The Role:
Our Platform Management engineers oversee the health, scalability and security of our cloud infrastructure. They take hands-on responsibility for maintaining and evolving the systems, services and tools shared across the engineering teams. In addition, they use their in-depth understanding of cloud development to advise, coach and assist the engineering teams as they evolve to respond to the ever-growing needs of our customers.
We’re looking for an experienced Dev Ops Engineer to join us and help us maintain a healthy, scalable platform that will meet the ever-increasing demands on our rapidly growing platform.
Responsibilities:
- DevOps Concepts and Execution: Comprehensive knowledge of DevOps methodologies, core principles, and best practices, encompassing continuous integration, continuous delivery, and automation.
- Cloud Service Providers: Skilled in using cloud platforms such as AWS, GCP, among others, including services like compute, storage, networking, and serverless architectures.
- Containerization and Orchestration Tools: Proficient in container technologies like Docker and orchestration platforms such as Kubernetes for effective deployment, scaling, and application management.
- Infrastructure Automation (IaC): Experienced with infrastructure as code tools like Terraform, CloudFormation, or Ansible to automate the setup and management of infrastructure.
- CI/CD Pipeline Management: Capable of establishing and maintaining continuous integration and continuous delivery pipelines using tools such as Jenkins, GitLab CI/CD, CircleCI, and others.

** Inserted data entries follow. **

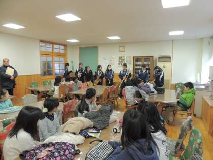 中学生が小学生に教えている姿や一緒に楽器を演奏している姿がとても良い雰囲気でした。
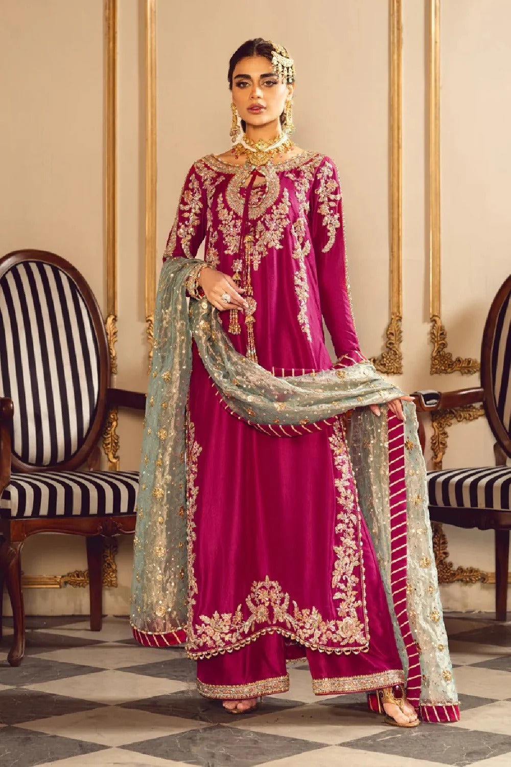 Melodic Tassels a Symphony of Opulence is crafted with meticulous care from pure raw silk, the shirt and pants radiate a lustrous sheen and boast a luxurious texture that enhances the overall allure of the ensemble. Melodic Tassels, with its Aqua Green dupatta, invites you to embrace the enchantment of color and texture. It is an ode to individuality and style, where every element comes together to form a harmonious composition, a melody that resonates with the modern spirit while paying homage to the richness of tradition.
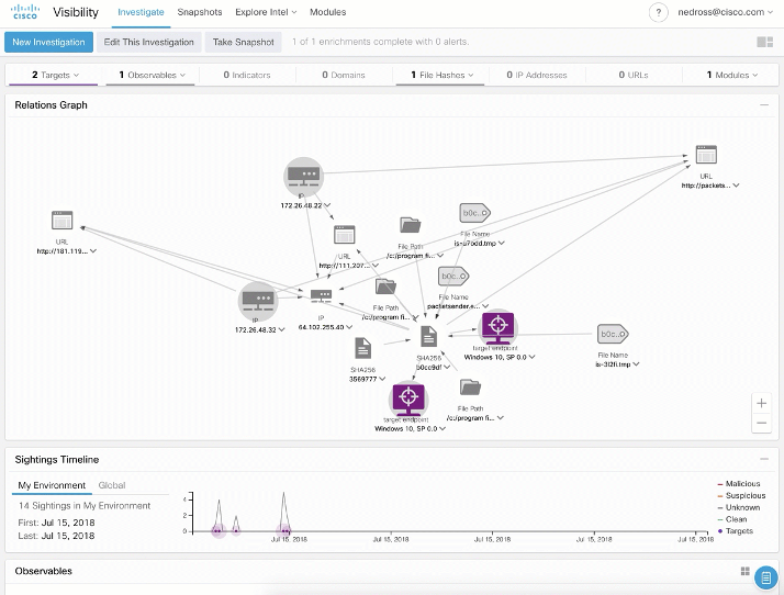 추가로 ‘무료’ 로 제공되는 SecureX Threat Response 기능을 이용 할 경우에 가시성 기반의 사고 조사까지 확장이 가능합니다.
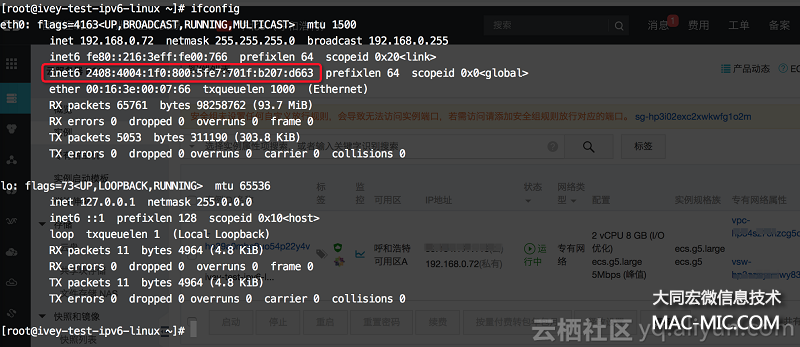 您可以通過 IPv4 公網(wǎng) IP 登錄到機器上,ifconfig 查看 IPv6 地址,如下圖所示:

- Scripting and Development Languages: Strong skills in scripting languages like Bash, Python, or Groovy, and proficient in programming languages relevant to DevOps, such as Java, Ruby, and Python.
- Monitoring and Logging Solutions: Knowledgeable about monitoring tools like Prometheus, Grafana, the ELK stack, and skilled in setting up efficient monitoring and alerting systems.
- Security and Compliance Practices: Understanding of security best practices, identity and access management (IAM), and the ability to secure applications and infrastructure effectively.
- Networking Knowledge: Familiar with networking basics, including TCP/IP, DNS, load balancing, and firewalls.
- Collaboration and Communication Tools: Proficient in using tools like Slack, JIRA, Confluence, or similar platforms to enhance team communication and coordination.
- Problem-Solving and Troubleshooting: Capable of analyzing complex technical issues, diagnosing problems, and implementing effective solutions.
Required Skills:
- At least 6+ years of technology experience.
- 4+ years of working experience in Python, Kubernetes, and AWS/GCP.
- Hands-on experience on managing build tools like Jenkins, Bitbucket Pipelines, GitHub Actions.
- Implement solutions to improve performance and scalability by identifying inefficiencies in developer workflows, tools, and implement solutions to improve performance and scalability.
- Hands-on experience using IaC tools like Terraform/Terragrunt.
- Experience working on Linux based infrastructure
- Excellent understanding of Ruby, Python, and Java.
- Expert technical troubleshooting skills and/or the ability to implement processes and controls to find root cause.
- Proven ability to learn new technologies quickly.
- The ideal candidate should have handled operations, deployment, and security of multiple SaaS/B2C products
- Hands-on in log collection designs like EFK and metric collection tools like a new relic, Prometheus/Grafana or SignalFx
- Hands-on in the design, creation, and consumption of RESTful API, and Microservice architectures on public clouds preferably AWS/GCP.
- Excellent analytical, communication, and coding skills are a must.